If you were out with friends (or even strangers) what would you rather tell them, 'my husband is a top executive' or 'my husband is selfless, honest, kind, considerate & a great father to our DC'?
I wouldn't tell either because the more you boast, the further away from your real life you are Grin

but even DH would be pretty insulted if the best I could describe him was about being "kind and considerate".

DoorAjar · 14/07/2021 19:55

@BigFatLiar

If you were out with friends (or even strangers) what would you rather tell them, 'my husband is a top executive' or 'my husband is selfless, honest, kind, considerate & a great father to our DC'?
I’m struggling to imagine a situation in which either sentiment would come out of my mouth.

And it’s a false opposition, anyway. Top executives can also be kind, selfless, considerate, excellent parents etc, just as someone who hops from minimum wage job to minimum wage job is perfectly capable of being a shitty, selfish human being and a dreadful parent.

onlyhereforthecake · 14/07/2021 19:58

You can reverse it, what would you rather your DH describe you as 'my wife is a top executive' or 'my wife is selfless, honest, kind, considerate...* 😂

All is missing is the: she's nice! How flattering

DoorAjar · 14/07/2021 19:58

@onlyhereforthecake

You can reverse it, what would you rather your DH describe you as 'my wife is a top executive' or 'my wife is selfless, honest, kind, considerate...* 😂

All is missing is the: she's nice! How flattering

Grin
FrownedUpon · 14/07/2021 20:09

I would find that unattractive too. I’m definitely drawn to ambitious, driven partners.

I find a lot of my friends partners dull, but they obviously don’t! It’s a personal view & what you find attractive. It’s hard to change that though.

Hankunamatata · 14/07/2021 20:12

Problem with ambitious and driven partners is that they don't necessarily make great husbands or dads as they want to spend lots of time working, become engulfed with work, don't want to take time off then family takes a back seat to their career

MerryDecembermas · 14/07/2021 20:20

Is the root of this the feeling that he doesn't support you in your career ambitions OP?

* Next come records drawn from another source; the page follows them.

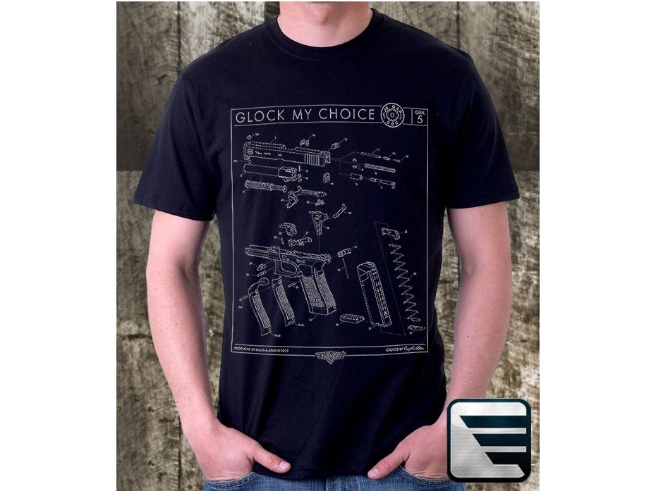 Kvalitní triko s potiskem na přední straně Glock Schéma. Tisk je velmi kvalitní, neopere se a nesloupává se.
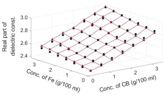 In this EMT model, the relative complex permittivities of carbon black and iron are respectively represented as follows: and . The density of carbon black is 1.8 g/cm3 [25,26,27]. The complex dielectric constant of the pure processing oil was approximately . All the measurements were performed at and .
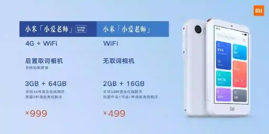 第一款产品是 AI 语言学习机,该系列产品分为两大版本: 4G 尊享版和标准版。其中 4G 尊享版后置取词相机,支持拍照翻译,支持 34 种语言在线翻译和 5 种语言离线翻译。该设备也搭载了 4 英寸屏幕和 25 天 600 小时超长续航。 6.18 全平台开售,尊享版售价 999 元,标准版售价 499 元。
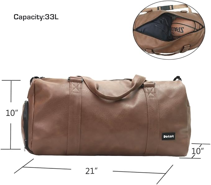- Durable & Practicality: With environmental-friendly PU leather, rotot weekender bag can be used as a travel bag with vintage stylish fashion. And this overnight bag has 21”×10” ×10”. With a 33L capacity, it can easily hold 4 days’ worth of clothes.
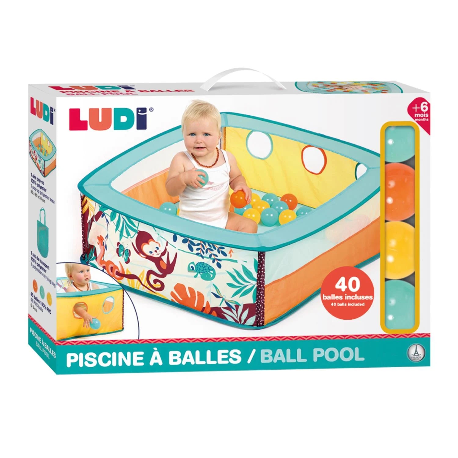 Retrouvez la Ludi - Piscine à Balles Jungle avec 40 Balles 6m+ sur Hellokids.ma — votre boutique marocaine de confiance spécialisée dans les articles de puériculture, jeux d’éveil et accessoires pour bébé.

My DH sometimes reminds me not to get so overinvested in work. It used to trigger an argument but I started to see he was not trying to undermine me but to look out for my wellbeing.

Moorelewis · 14/07/2021 20:28

YABU. As someone with a high earning, ambitious DH with a good job, I would kill for him to take a step back every once in a while. Having a good job isn't everything. Having a kind personality and being a great father is worth its weight in gold. I'd love for DH to be here to help with the kids more often. He leaves at 8.45 and isn't back until midnight some nights.

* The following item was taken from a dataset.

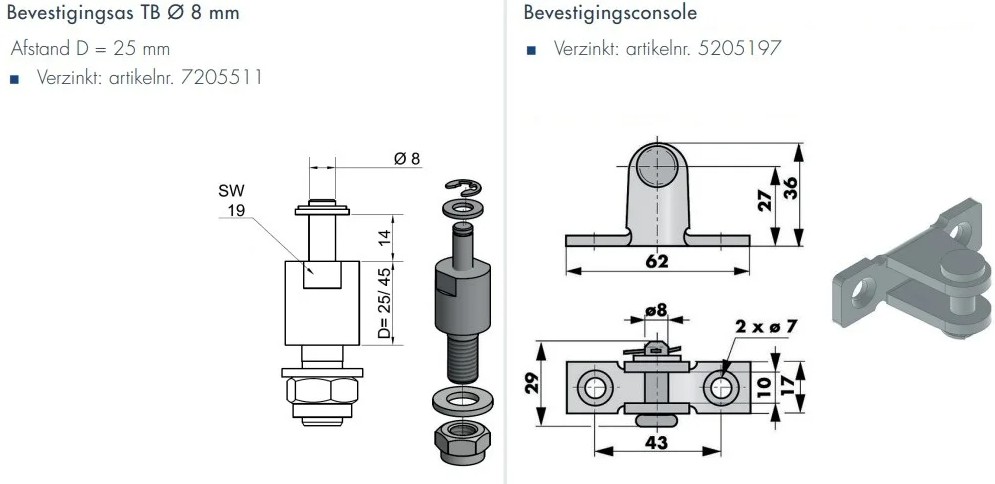 – Bevestigingsas TB Ø 8 mm : Verzinkt: artikelnr. 7205511

SmackMyAssnCallMeJudy · 14/07/2021 20:29

Has the OP said anywhere that she wants an ‘ambitious, driven workaholic’?

There’s a vast swathe of middle ground, people. Confused

In no other area would we be telling women to just put up and shut up - be satisfied with their lot.

It may be, on balance, that the OP decides she has a good man and wants to stay.

But there’s nothing wrong with having one’s own personal preferences and attractions when it comes to personality traits.